El Sespa dejó de publicar datos de listas de espera durante año y medio

Tácito Suárez, exgerente del Sespa, bromea con el diputado del PP, Carlos Suárez, antes de su declaración. /
Tácito Suárez, exgerente del Sespa, bromea con el diputado del PP, Carlos Suárez, antes de su declaración.

El exgerente Tácito Suárez atribuyó el apagón a «problemas informáticos» y negó haberse valido de privilegios para operarse en Urología del HUCA

LAURA FONSECA

El Servicio de Salud del Principado sí dejó de publicar datos sobre demoras sanitarias. Así lo reconoció el que fuera gerente del Sespa en la pasada legislatura, Tácito Virgilio Suárez, que ayer compareció ante la comisión de listas de espera de la Junta. Precisamente, la no publicación de esos datos fue uno de los motivos que llevó a la apertura de una investigación parlamentaria, donde se intenta determinar si existe o ha existido manipulación en la gestión de los pacientes que aguardan por un proceso sanitario en el Sespa. El apagón reconocido por Suárez ocurrió entre mayo de 2014 y septiembre de 2015, cuando se dejaron de facilitar los tiempos para consultas de especialistas y pruebas diagnósticas. El exgerente achacó ese corte de año y medio en la información a «problemas informáticos». Al ser requerido sobre quién había autorizado el apagón, Tácito apuntó a una figura, aunque no física: «Lo ordenaron el sentido común y la prudencia», dijo.

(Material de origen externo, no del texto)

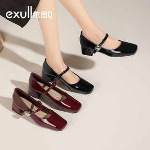 真皮浅口单鞋 新款 子E1T1DCQ5预 女2025秋季 百丽复古粗高跟玛丽珍鞋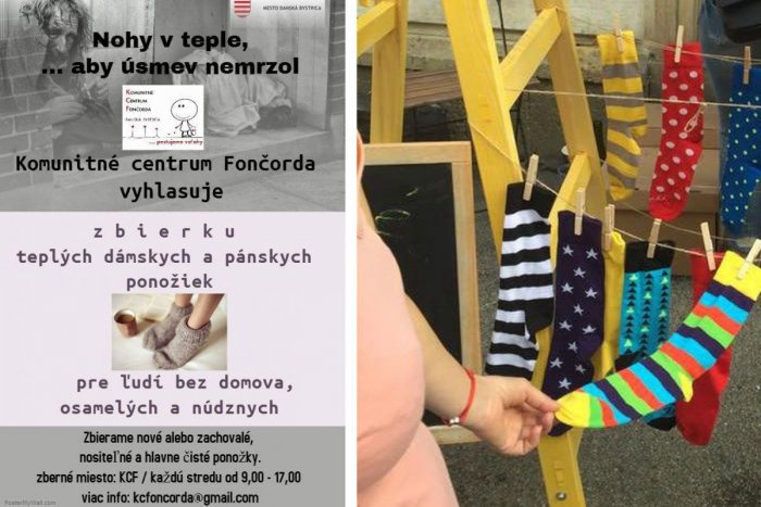V Bystrici prebieha nová zbierka pomoci a ľudskosti. Komunitné centrum Fončorda (KCF) vyhlasuje zbierku teplých dámskych a pánskych ponožiek pre ľudí bez domova, osamelých a núdznych. Pretože je dôležité mať nohy v teple, aby úsmev nezamrzol.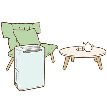 また、扇風機や、サーキュレーターを除湿器の対角に置き、併用して空気の流れをつくることで、より効果的に除湿できます。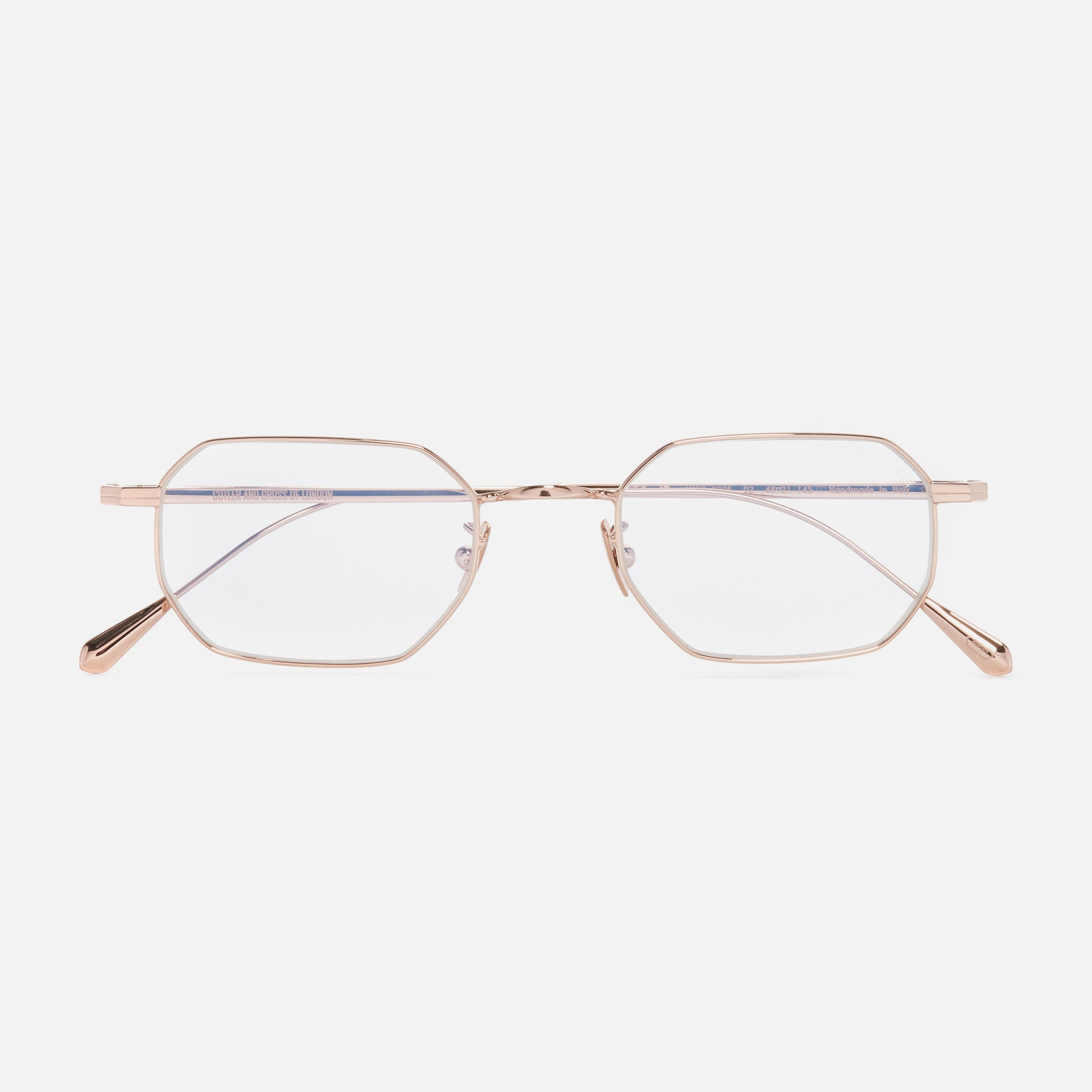 The hexagonal 0005 optical is grounded in our 1990s archive, shaped to a slender profile with a double-curved nose bridge. Rounded corners and high-set lugs lend dimension to the design, which is crafted from ultra-light precious metals. Available in 18K White Gold Rhodium, 18K Gold,18K Rose Gold, and a combination of 24K Yellow Gold and 18K Rhodium. Details - Handcrafted in Italy by expert craftspeople, read more about our craftsmanship story - Double-curved nose bridge - Adjustable nose pads - Engraved logo inside temple - Need help? Read our full Glossary of Terms Size & Fit SKU: AUOP-0005-48-02 Frame shape: Round Lens width (mm): 48 Temple length (mm): 145 Bridge width (mm): 21

A preguntas de la diputada de Foro, Carmen Fernández Gómez, Suárez precisó que la puesta en marcha de dos sistemas informáticos, el 'Milennium', en el HUCA, y el Selene, en Cabueñes, «obligó a dejar de publicar algunos datos» hasta tanto los dos sistemas se ensamblaran. «Es lo que en la cuenca llamamos 'prender'». El directivo, ahora al frente de la gerencia del Valle del Nalón, señaló que «en su momento dimos esa explicación al Ministerio de Sanidad, y la dieran por buena».

La comparecencia del exgerente del Sespa era una de las más esperadas en la comisión, en gran medida porque muchas de las cuestiones que se intentan auditar corresponden a su etapa como gerente del Sespa en la legislatura anterior. Tácito Suárez no defraudó con sus respuestas, ya que no solo admitió que se dejaron de facilitar datos sobre demoras, sino que en un intento por alejarse de la politización sanitaria de la que le acusó Ciudadanos, afirmó que «no soy del PSOE ni de UGT, aunque admito que he sido del Simpa», (Sindicato Médico), lo que causó más de una risa entre los diputados.

Hubo también momentos tensos, como el protagonizado entre el exgerente del Sespa y el diputado de Podemos, Andrés Fernández Vilanova, cuando éste quiso saber si durante su mandato hubo políticos o gestores que se colaron para ser operados en Urología del HUCA. Tras la insistencia de Fernández Vilanova, que le preguntó en dos ocasiones «¿está seguro de no saber si algún gestor sanitario fue paciente de Urología»?, Tácito Suárez acabó por recordar: «Ah, sí. Yo me operé en el HUCA», respondió, y abundó seguidamente que «no he visto a nadie tener privilegios en las listas de espera». El diálogo no terminó ahí, porque el directivo se quejó ante la comisión y se mostró sorprendido por este asunto: «No sabía que iban a hablar aquí de mi expediente médico, es toda una novedad». También reconoció que cuando era gerente «me sabía la listas de espera de memoria, ¿sabe porqué? Porque estábamos educados así. Cuando empezamos en esto, el doctor Matallanas, que es mi maestro, nos dijo que teníamos que dormir con las listas de espera, luego nosotros dormíamos con quien podíamos y, además, con las listas de espera».

Errores sí, manipulación, no

Quien también declaró en la Junta fue el actual gerente del Servicio de Salud. José Ramón Riera fue tajante en sus afirmaciones y aseguró que «en las listas de espera puede haber errores, pero nunca maquillaje, manipulación ni privilegios». El sistema de salud, indicó, «hace cinco millones de consultas al año en Primaria, medio millón de consultas en Especializada, más de 80.000 intervenciones y 104.000 altas médicas. Ante ese nivel de cifras puede haber algún error, pero no manipulación, y mucho menos, privilegios para colarse en listas de espera». Riera negó tratos de favor e indicó que lo ocurrido en Urología, sin llegar a precisar hechos ni datos, «es algo puntual. No se puede hablar de privilegios ni generalizar».